#### WORK ITEM
A word-for-word copy of the data is what's wanted, with no pictures.
───── INPUT DATA
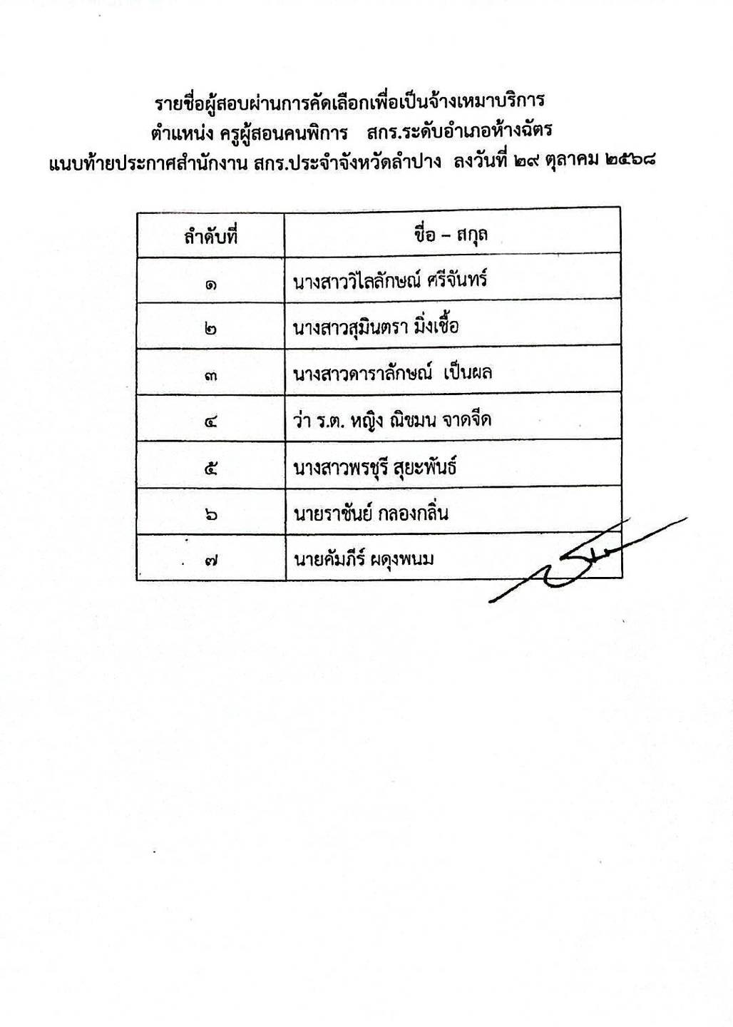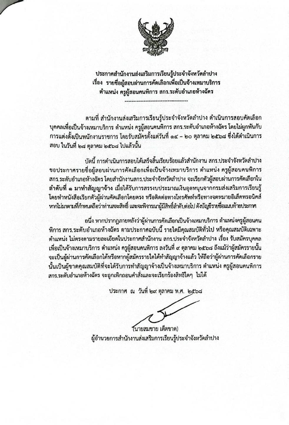 ประกาศรายชื่อผู้ผ่านการคัดเลือกเพื่อเป็นจ้างเหมาบริการ ตำแหน่ง ครูผู้สอนคนพิการ ศูนย์ส่งเสริมการเรียนรู้ระดับอำเภอห้างฉัตร
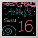 Poster read "Ashley's Sweet 16". Personalize it with the birthday girl's name. Colours include pink, black, turquoise and purple against a black background with twinkling stars. For more sweet sixteen party accessories visit the rest of this shop!
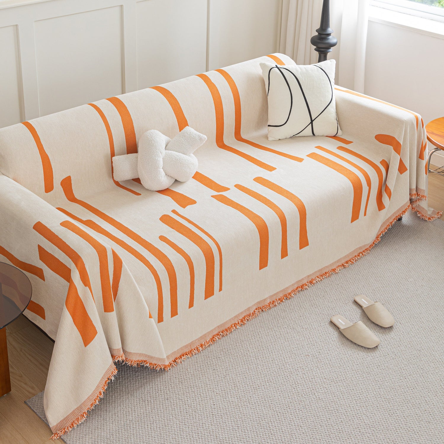 Soft Cozy Chenille Throw Cover for Couch with Tassel Accents, Dustproof Soft Throws for Sofa
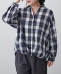 後ろレースアップ、チェックタケノコブラウス
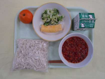 こんだて ソフト麺 ミートソース 牛乳 卵ロール グリーンサラダ みかん
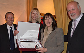 Roger Roth and Kairis Ulp with Marta Dalo Maso, Minister of Sport and Tourism form the Trentino Region (second from the right), together with Sergio anesi, Universiade Coordinator
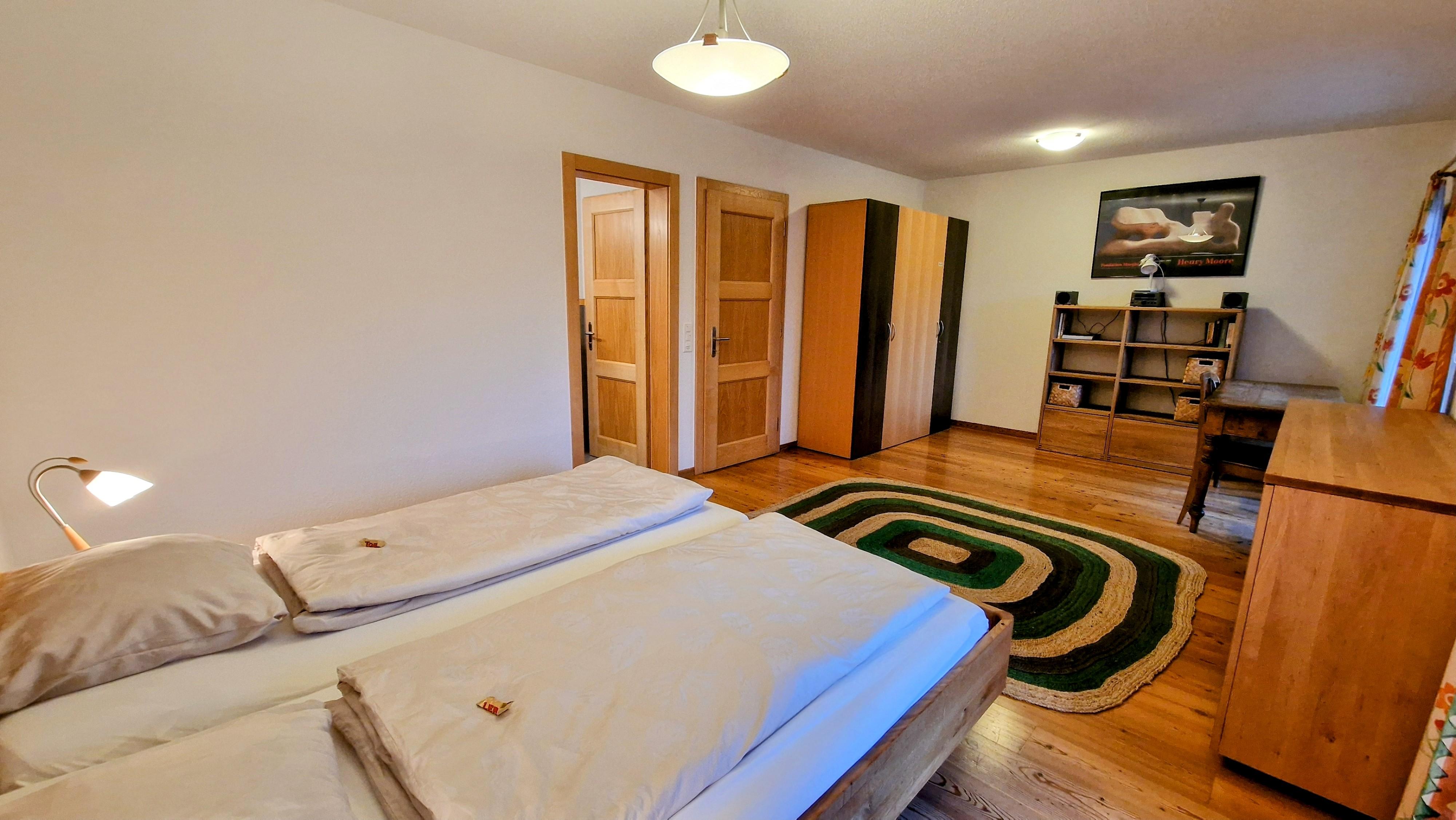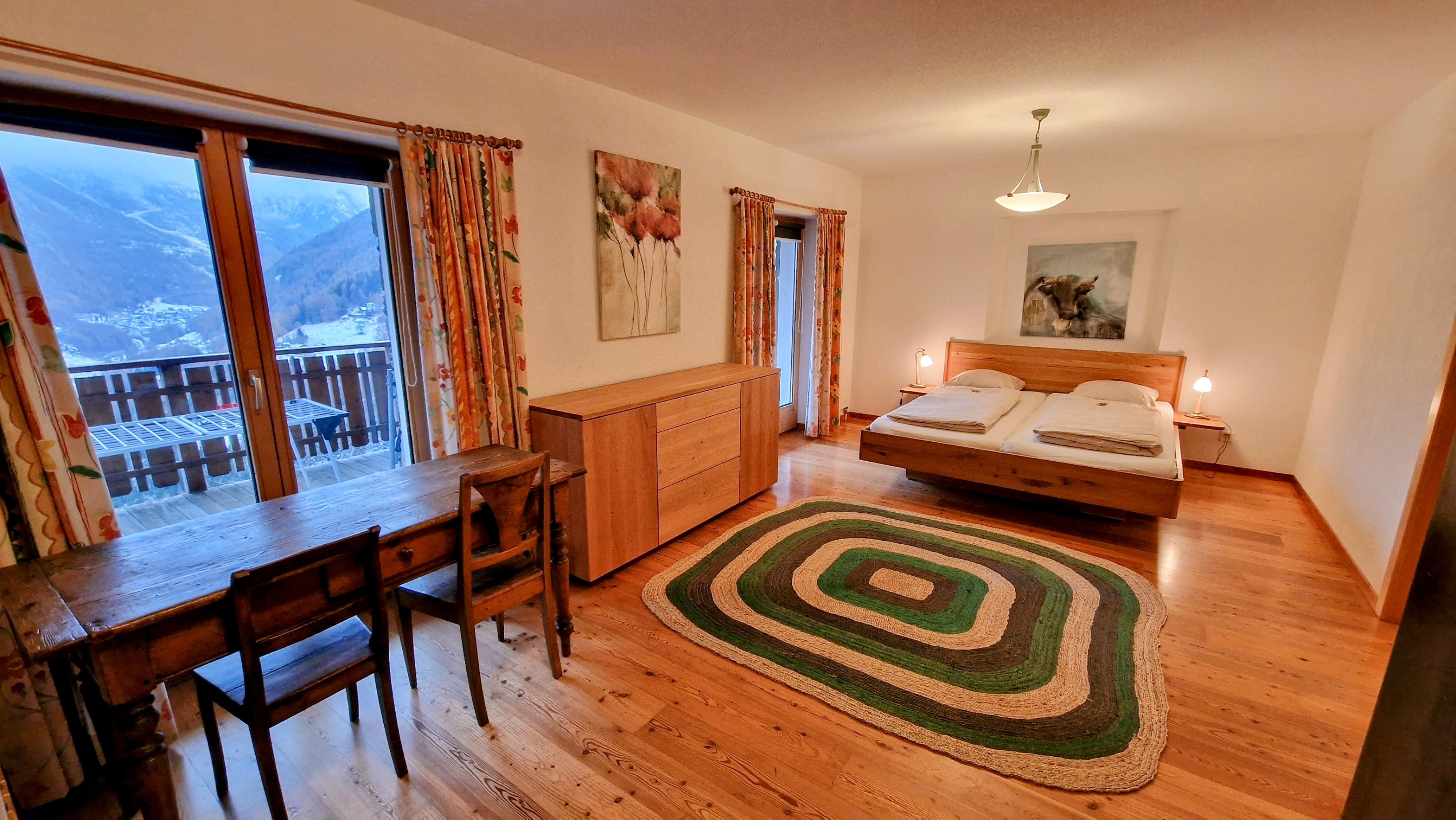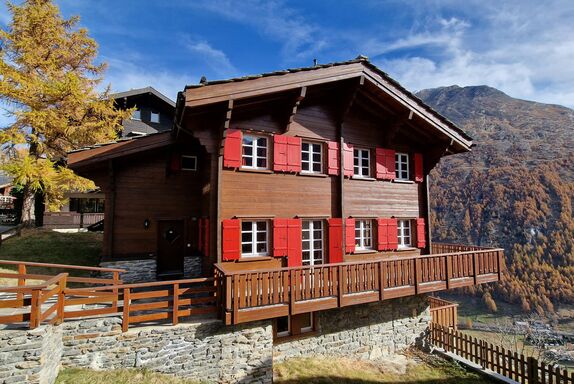 Sehr grosses (180 m2) individuelles Chalet auf 3 Etagen in ruhiger Lage mit herrlichem Blick über das Tal. Bestehend aus 4 Schlafzimmern, 1 Wohnzimmer mit Essecke, moderner Küche, 1 Dusche, 1 Bad, Dusche, WC, 2 WCs und Südbalkon.
──────────
#### TASK OUTPUT
 ประกาศรายชื่อผู้ผ่านการคัดเลือกเพื่อเป็นจ้างเหมาบริการ ตำแหน่ง ครูผู้สอนคนพิการ ศูนย์ส่งเสริมการเรียนรู้ระดับอำเภอห้างฉัตร
 Poster read "Ashley's Sweet 16". Personalize it with the birthday girl's name. Colours include pink, black, turquoise and purple against a black background with twinkling stars. For more sweet sixteen party accessories visit the rest of this shop!
 Soft Cozy Chenille Throw Cover for Couch with Tassel Accents, Dustproof Soft Throws for Sofa
 後ろレースアップ、チェックタケノコブラウス
 こんだて ソフト麺 ミートソース 牛乳 卵ロール グリーンサラダ みかん
 Roger Roth and Kairis Ulp with Marta Dalo Maso, Minister of Sport and Tourism form the Trentino Region (second from the right), together with Sergio anesi, Universiade Coordinator
 Sehr grosses (180 m2) individuelles Chalet auf 3 Etagen in ruhiger Lage mit herrlichem Blick über das Tal. Bestehend aus 4 Schlafzimmern, 1 Wohnzimmer mit Essecke, moderner Küche, 1 Dusche, 1 Bad, Dusche, WC, 2 WCs und Südbalkon.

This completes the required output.